## Exercise aim
What should come back is the data below, word for word, minus any picture.

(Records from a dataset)
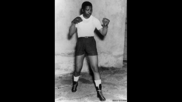 Nelson Mandela fotografiado en 1950, mientras practicaba boxeo en el Donaldson Orlando Community de Johannesburgo, en los años en que no podía movilizarse a otras zonas de Sudáfrica. "No era un destacado boxeador. No tenía velocidad para compensar mi falta de poder en los golpes", dijo en una entrevista.
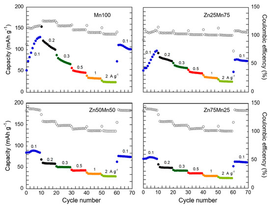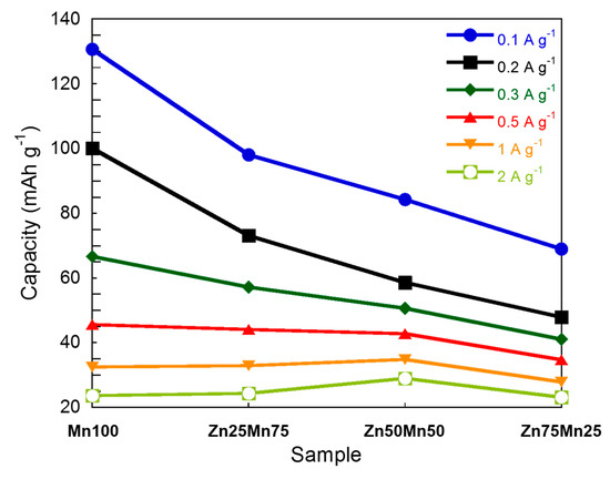 In terms of electrochemical properties, the higher the Mn content is, the higher the capacity values are, as shown in Figure 5. In contrast, at high Mn contents, capacity values decrease significantly by the tenth cycle. For instance, for Mn100 sample capacity retention is 39% (130 mA h g−1 vs. 51 mA h g−1) while for Zn25Mn75 sample this retention is 53% (98 mA h g−1 vs. 52 mA h g−1). For Zn-enriched samples, instead, the capacity retention is much higher: 61% for Zn50Mn50 (64 mA h g−1 vs. 39 mA h g−1) and 94.5% for Zn75Mn25 (73 mA h g−1 vs. 69 mA h g−1). At low current intensities, the active material has enough time to fully charge and discharge, i.e., Zn2+ ions can intercalate and deintercalate into the PBA structure. As the current increases, diffusion processes and even charge transfer processes are hindered and the reaction yield is much lower. On the other hand, the decrease in capacity with increasing zinc content is related to the lack of electroactivity of Zn. The higher the concentration of Zn in the PBA structure, the lower the amount of Mn3+/2+ redox couple, which has a direct impact on the capacity of the compound.
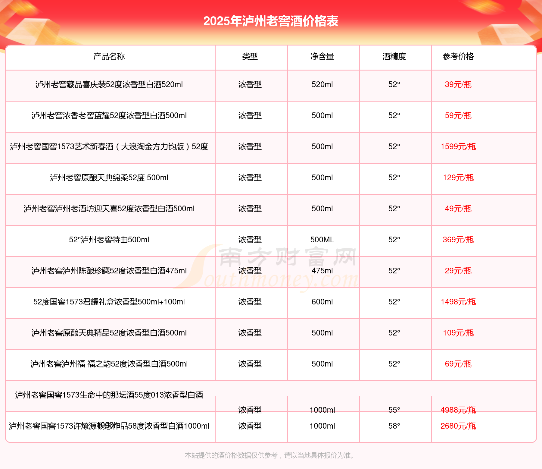 瀘州老窖國(guó)窖1573春釀鼠兆豐年E 55度參考價(jià)17999元/瓶、瀘州老窖國(guó)窖1573生命中的那壇酒55度014參考價(jià)9999元/瓶、瀘州老窖國(guó)窖1573春釀鼠兆豐年A 55度參考價(jià)5088元/瓶、瀘州老窖國(guó)窖1573生命中的那壇酒55度013濃香型白酒1000ml參考價(jià)4988元/瓶、瀘州老窖國(guó)窖1573生命中的那壇酒55度009 1000ml參考價(jià)4288元/瓶、瀘州老窖國(guó)窖1573中國(guó)品味52度濃香型白酒500ml參考價(jià)2888元/瓶、瀘州老窖國(guó)窖1573許燎源概念作品58度濃香型白酒1000ml參考價(jià)2680元/瓶。
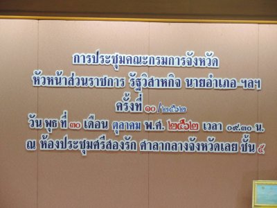 วัน พุธ ที่ 30 เดือน ตุลาคม พ.ศ. 2562 สำนักงาน กศน.จังหวัดเลย ว่าที่ ร.ท.จำนงค์ นนทะมาศ รองผู้อำนวยการสำนักงาน กศน.จังหวัดเลย เข้าร่วมการประชุมคณะกรมการจังหวัด หัวหน้าส่วนราชการ รัฐวิสาหกิจ นายอำเภอ ฯลฯ ครั้งที่ 10
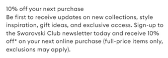 Abonnez-vous à Swarovski.com et saisissez ce coupon pour économiser 10% de réduction sur votre commande à la caisse.
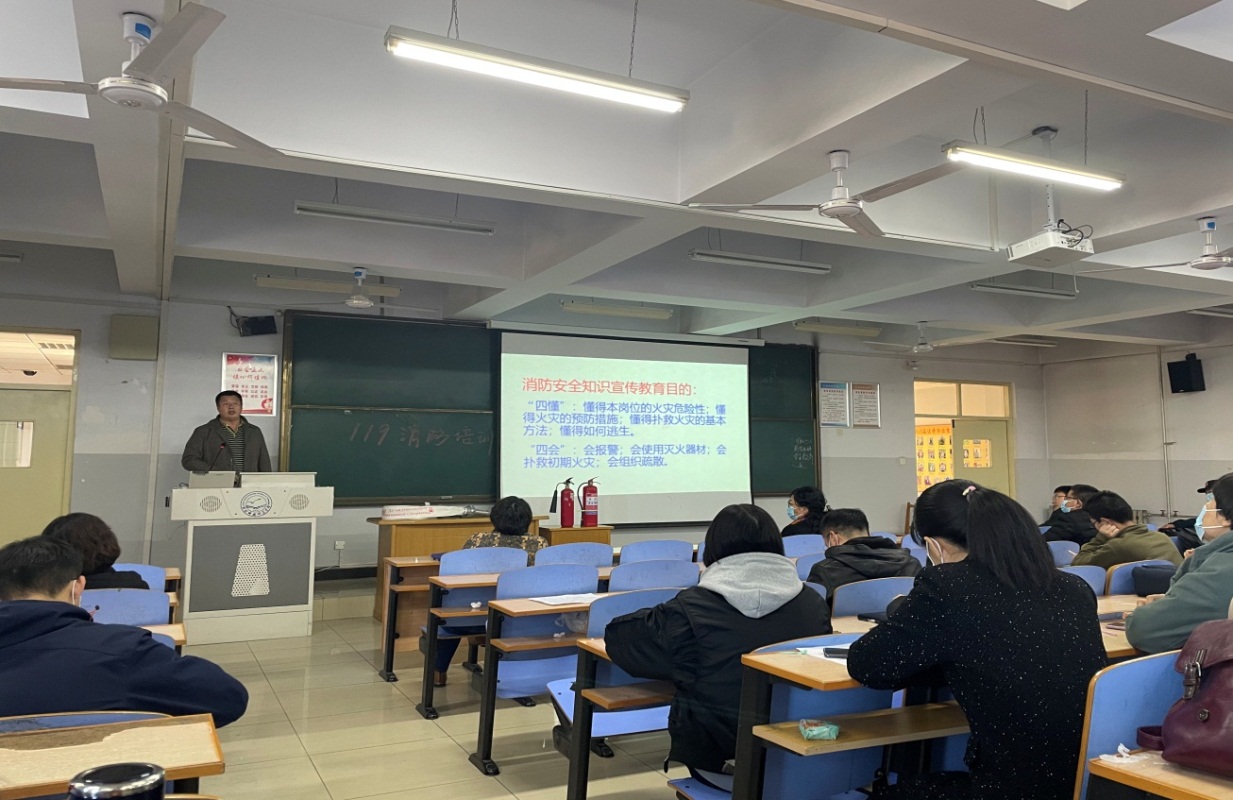 为进一步提高学院全体教职工的消防安全意识,全力普及消防安全知识及自救逃生技能,11月11日下午,yl8858永利集团邀请安全工作处闫继锋副处长等三位老师在开发区校区综合楼312开展消防安全知识讲座,yl8858永利集团全体教职工参加了讲座。
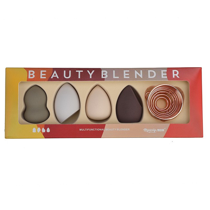 Набор спонжей для макияжа разных форм 5 в 1 в коробке (4 спонжа + 1 подставка)
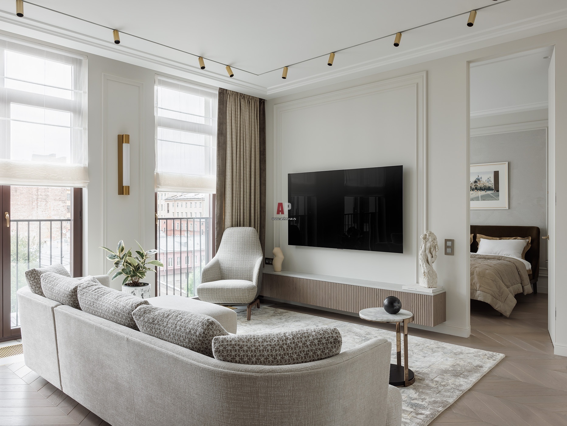 Интерьер гостиной выдержан в светлых, мягких оттенках. Архитектурный свет подчеркивает геометрию помещения и придает пространству строгость. Диван, Molteni &C. Кресло, Giorgetti. Столик, Giulio Marelli.
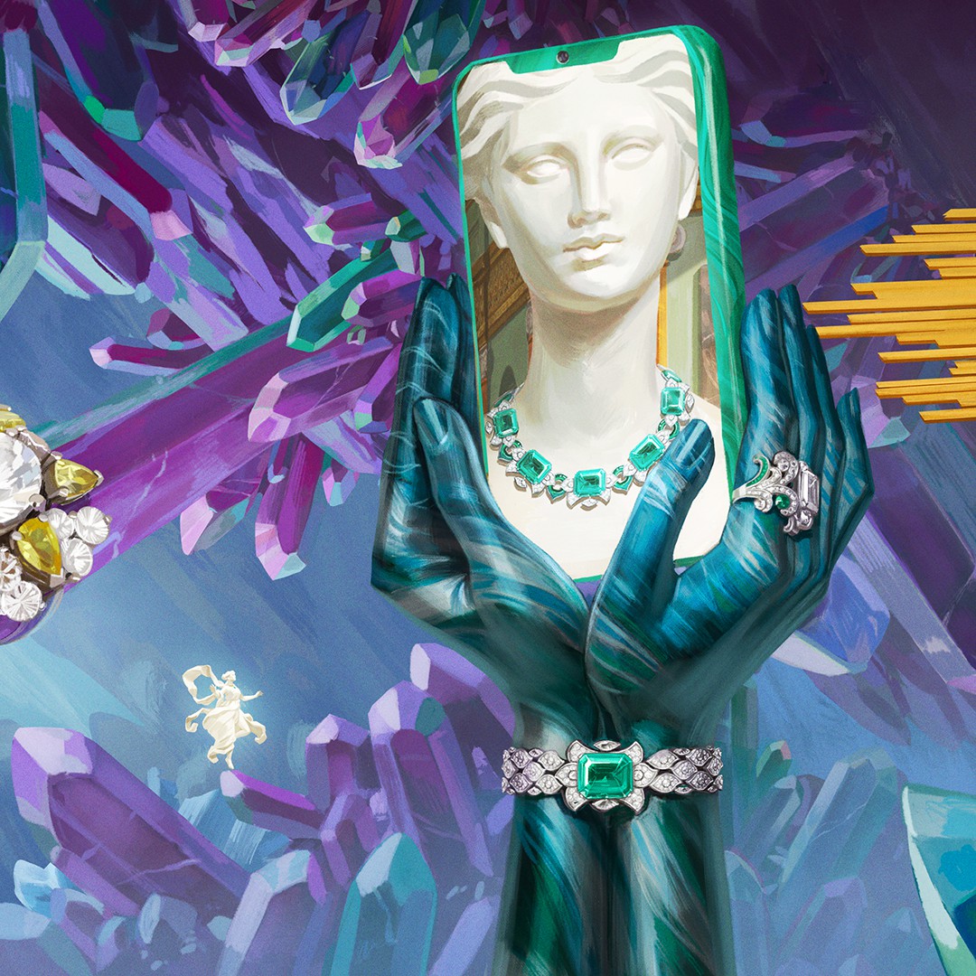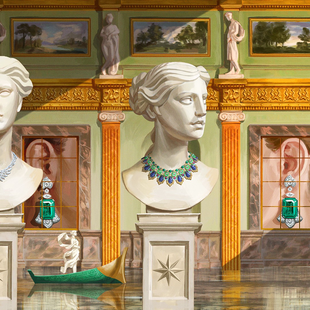 同样作为巴洛克艺术风格的瑰宝,由弗朗切斯科·博罗米尼修建的罗马圣依华堂,其教堂处微凹的穹顶设计,给予了系列滴翠星辉(Emerald Star)项链几何结构以启发。密镶钻石的线条形成了恰似起伏跌宕的波纹,效仿穹顶精妙的结构。而选用的赞比亚祖母绿珠粒与莹润的珍珠交相辉映,在工艺大师 900 多个工时的创作中,将体积和比例调整到最佳的状态。

## Result below
 Nelson Mandela fotografiado en 1950, mientras practicaba boxeo en el Donaldson Orlando Community de Johannesburgo, en los años en que no podía movilizarse a otras zonas de Sudáfrica. "No era un destacado boxeador. No tenía velocidad para compensar mi falta de poder en los golpes", dijo en una entrevista.
 In terms of electrochemical properties, the higher the Mn content is, the higher the capacity values are, as shown in Figure 5. In contrast, at high Mn contents, capacity values decrease significantly by the tenth cycle. For instance, for Mn100 sample capacity retention is 39% (130 mA h g−1 vs. 51 mA h g−1) while for Zn25Mn75 sample this retention is 53% (98 mA h g−1 vs. 52 mA h g−1). For Zn-enriched samples, instead, the capacity retention is much higher: 61% for Zn50Mn50 (64 mA h g−1 vs. 39 mA h g−1) and 94.5% for Zn75Mn25 (73 mA h g−1 vs. 69 mA h g−1). At low current intensities, the active material has enough time to fully charge and discharge, i.e., Zn2+ ions can intercalate and deintercalate into the PBA structure. As the current increases, diffusion processes and even charge transfer processes are hindered and the reaction yield is much lower. On the other hand, the decrease in capacity with increasing zinc content is related to the lack of electroactivity of Zn. The higher the concentration of Zn in the PBA structure, the lower the amount of Mn3+/2+ redox couple, which has a direct impact on the capacity of the compound.
 瀘州老窖國(guó)窖1573春釀鼠兆豐年E 55度參考價(jià)17999元/瓶、瀘州老窖國(guó)窖1573生命中的那壇酒55度014參考價(jià)9999元/瓶、瀘州老窖國(guó)窖1573春釀鼠兆豐年A 55度參考價(jià)5088元/瓶、瀘州老窖國(guó)窖1573生命中的那壇酒55度013濃香型白酒1000ml參考價(jià)4988元/瓶、瀘州老窖國(guó)窖1573生命中的那壇酒55度009 1000ml參考價(jià)4288元/瓶、瀘州老窖國(guó)窖1573中國(guó)品味52度濃香型白酒500ml參考價(jià)2888元/瓶、瀘州老窖國(guó)窖1573許燎源概念作品58度濃香型白酒1000ml參考價(jià)2680元/瓶。
 วัน พุธ ที่ 30 เดือน ตุลาคม พ.ศ. 2562 สำนักงาน กศน.จังหวัดเลย ว่าที่ ร.ท.จำนงค์ นนทะมาศ รองผู้อำนวยการสำนักงาน กศน.จังหวัดเลย เข้าร่วมการประชุมคณะกรมการจังหวัด หัวหน้าส่วนราชการ รัฐวิสาหกิจ นายอำเภอ ฯลฯ ครั้งที่ 10
 Abonnez-vous à Swarovski.com et saisissez ce coupon pour économiser 10% de réduction sur votre commande à la caisse.
 为进一步提高学院全体教职工的消防安全意识,全力普及消防安全知识及自救逃生技能,11月11日下午,yl8858永利集团邀请安全工作处闫继锋副处长等三位老师在开发区校区综合楼312开展消防安全知识讲座,yl8858永利集团全体教职工参加了讲座。
 Набор спонжей для макияжа разных форм 5 в 1 в коробке (4 спонжа + 1 подставка)
 Интерьер гостиной выдержан в светлых, мягких оттенках. Архитектурный свет подчеркивает геометрию помещения и придает пространству строгость. Диван, Molteni &C. Кресло, Giorgetti. Столик, Giulio Marelli.
 同样作为巴洛克艺术风格的瑰宝,由弗朗切斯科·博罗米尼修建的罗马圣依华堂,其教堂处微凹的穹顶设计,给予了系列滴翠星辉(Emerald Star)项链几何结构以启发。密镶钻石的线条形成了恰似起伏跌宕的波纹,效仿穹顶精妙的结构。而选用的赞比亚祖母绿珠粒与莹润的珍珠交相辉映,在工艺大师 900 多个工时的创作中,将体积和比例调整到最佳的状态。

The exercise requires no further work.